Two notable devices that make use of this principle are loudspeakers
and the head positioners in computer rigid-disk* drives. The latter
have coils wound on forms and are made with wire that bonds to
itself**, so the shaping form can be removed at the factory.

*Technically-correct term (actually used by Hewlett-Packard) for a
"hard" disk drive. Hardness and rigidity are two different
attributes.

**Probably an outer layer of a thermoplastic (one that can be melted,
as contrasted with a thermosetting plastic, which doesn't melt) over
the electrical insulating layer.

I'm really glad you included this one; it is quite fundamental.

I learned about motors as a child, and even built a rough equivalent
of the St. Louis motor.
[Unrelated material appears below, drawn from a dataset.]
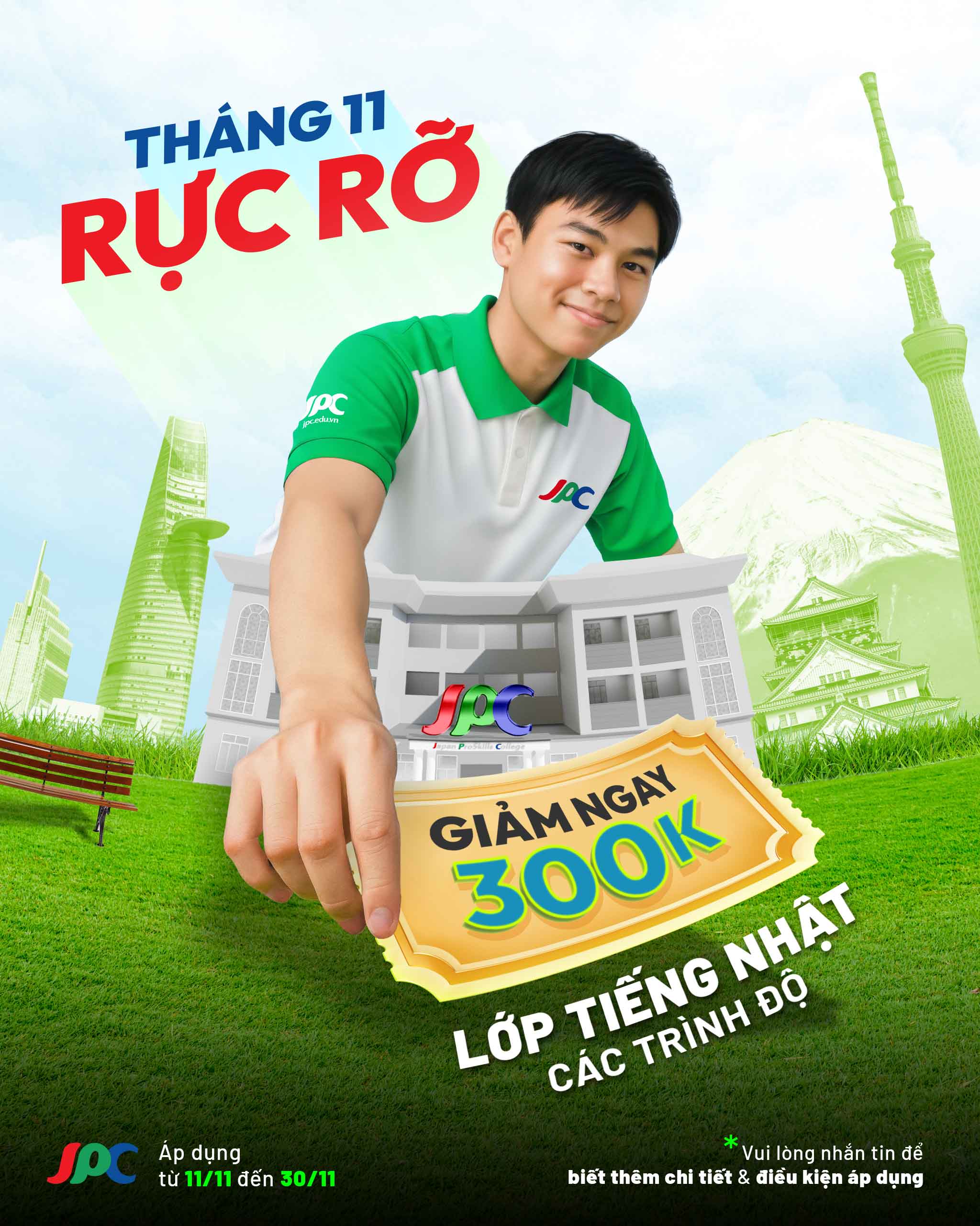 Tháng 11 đến rồi – tháng của yêu thương và tri ân Thầy Cô! Và cách tuyệt vời nhất để nói “cảm ơn” Thầy Cô chính là học tập, trưởng thành và phát triển mỗi ngày. Nhân dịp đặc biệt này, JPC - Kaizen mang đến ưu đãi đặc biệt giảm ngay 300k học phí khi đăng ký khóa tiếng Nhật các trình độ trên toàn quốc từ 11/11 - 30/11/2025!

It was horribly inefficient; current hog, and
not much more torque than what was needed to overcome bearing
friction.

To keep it reasonably brief, the St. Louis motor has huge air gaps, a
holdover from the 1850s or thereabouts before the E.E.s of the time
learned how to make practical electric motors. It is so misleading,
un-representative, and such a poor design that it really ought never
to be used in classrooms. (Science fair project, sure to raise a few
hackles: Measure the efficiency of a St. Louis motor and explain the
figures...)

It's easy when learning about electromagnets (and permanent magnets)
to be over-impressed by the way ferromagnetic materials attract and
repel. The fatal flaw in the St. Louis motor and related designs is
that the idea of attraction and repulsion was the evident basis, not
the phenomenon shown so nicely by this experiment.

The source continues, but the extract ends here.